• **AIM OF THE EXERCISE**:
Each line from the opening of the material through the line holding "Canne interne: le" needs to be returned exactly, with the pictures left out.

• **PROVIDED DATA**:
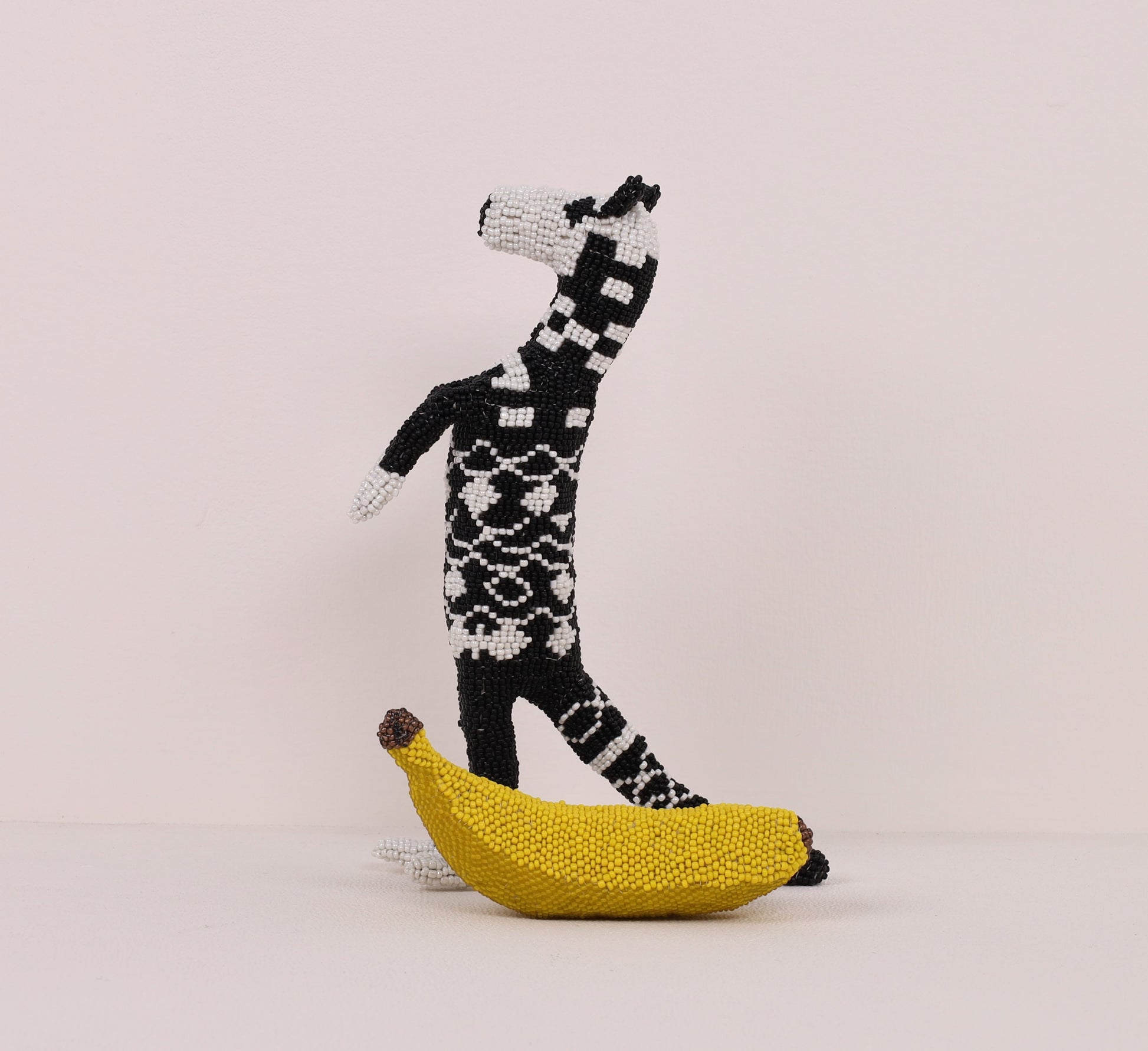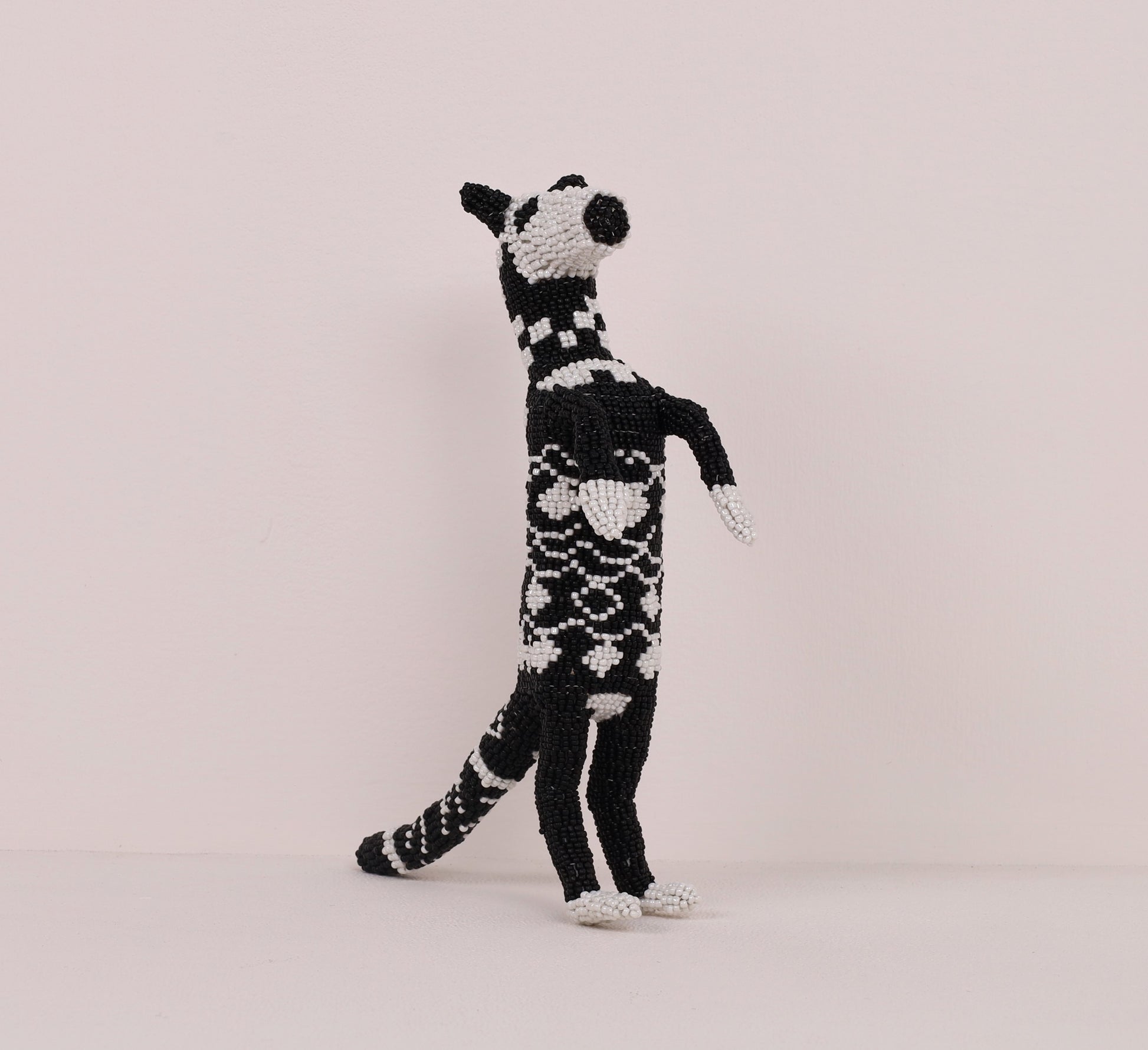 Andisiwe Nkaule's curious beaded meerkat art is designed in ditsy pattern offered in a 2-toned colourway.
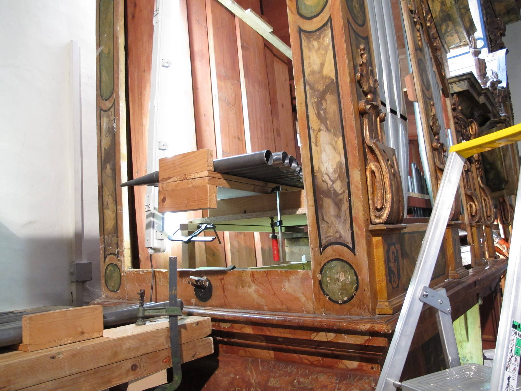 Canne interne: le prime due di Principale 8' e Ottava sono in legno; le altre in differenti tenore di lega e lavorazione con notazione numerica incisa e indicazione dei singoli registri sulla prima canna di ciascuno.
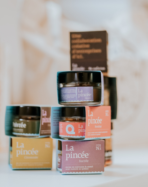 En 2017, nous avons créé une bière de type gruit infusée de notre mélange cari La pincée Bombay Nº11 en collaboration avec Martin L’allier de la micro-brasserie MonsRegius. Par la suite, nous nous sommes associés avec le micro torréfacteur 94 Celsius pour imaginer un surprenant mélange d’épices barbecue au café brésilien fraîchement torréfié. Et c’est en 2020 que nous avons conçu, en collaboration avec l’entreprise Nos Cabanes, notre fameux mélange d’épices barbecue au sucre d’érable du Québec. La rencontre de la créatrice des oeuvres signées Raoul & Simone nous a également inspiré pour créer La pincée de l’Anse. Un mélange d’épices sucré-salé composé de variétés d’algues du Saint-Laurent. Puis avec Julien Fréchette de l’entreprise La Pimenterie, La pincée Pimentée est née. C’est un mélange très relevé dans lequel nous réutilisons la pulpe de piment fermentée vieillit en fûts de chêne pendant 6 mois. C’était pour nous une très belle façon de faire de l’économie circulaire en revalorisant cette délicieuse matière résiduelle. Nous avons travaillé depuis les deux dernières années en association avec Station 22, pour faire la création d’un rhum épicé façon La pincée. Un produit que nous avons pensé et créé ensemble de toute pièce, allant de la recette de macération originale jusqu’à l’élaboration de la marque L'Assemblée. Ce sont des rencontres incroyables qui façonnent véritablement notre histoire.
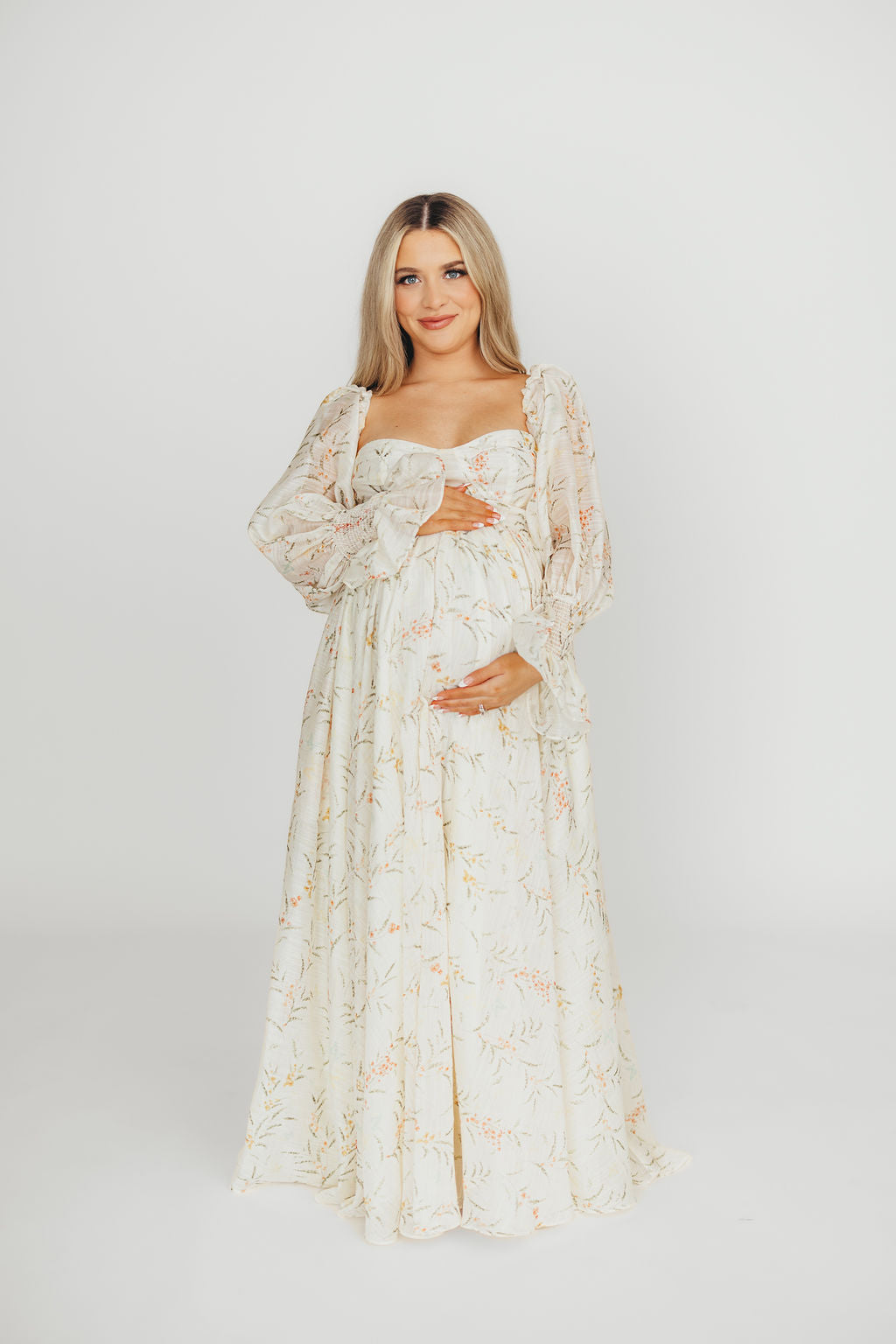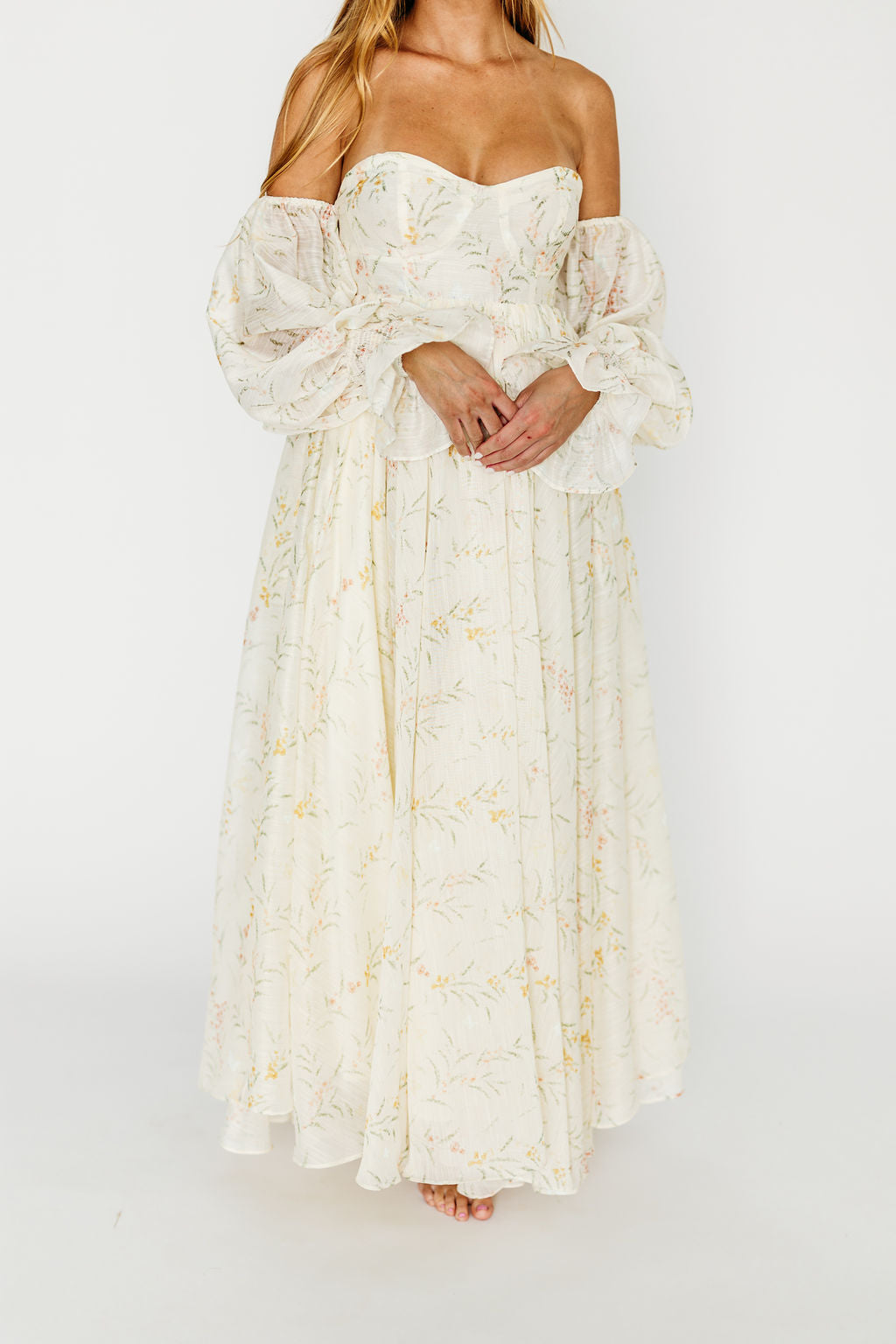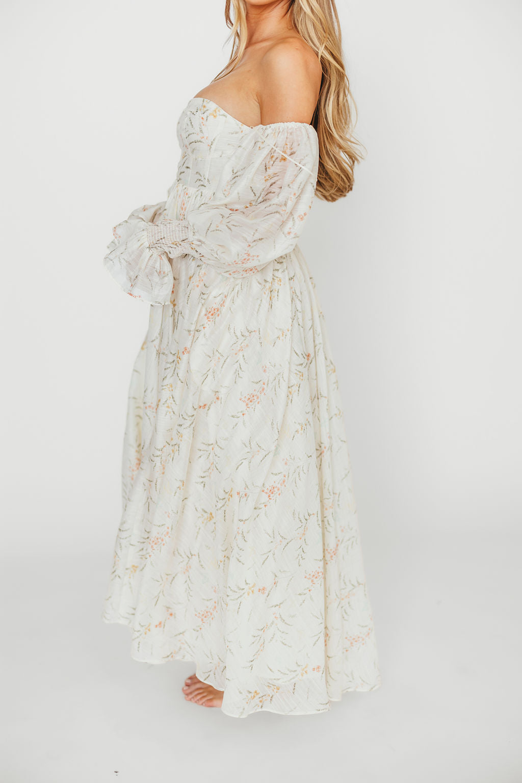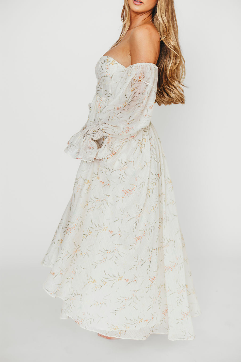 GARMENT DETAILS: Premium floral maxi dress in a lightweight, shirred chiffon. Features a soft bustier-style bodice (no boning), sweetheart neckline, smocked back panel, and sheer long sleeves with elastic cuffs and ruffles. Sleeves can be worn on or off the shoulder. Finished with a sweeping maxi-length skirt. Lined.

• **EXPECTED ANSWER**:
 Andisiwe Nkaule's curious beaded meerkat art is designed in ditsy pattern offered in a 2-toned colourway.
 Canne interne: le prime due di Principale 8' e Ottava sono in legno; le altre in differenti tenore di lega e lavorazione con notazione numerica incisa e indicazione dei singoli registri sulla prima canna di ciascuno.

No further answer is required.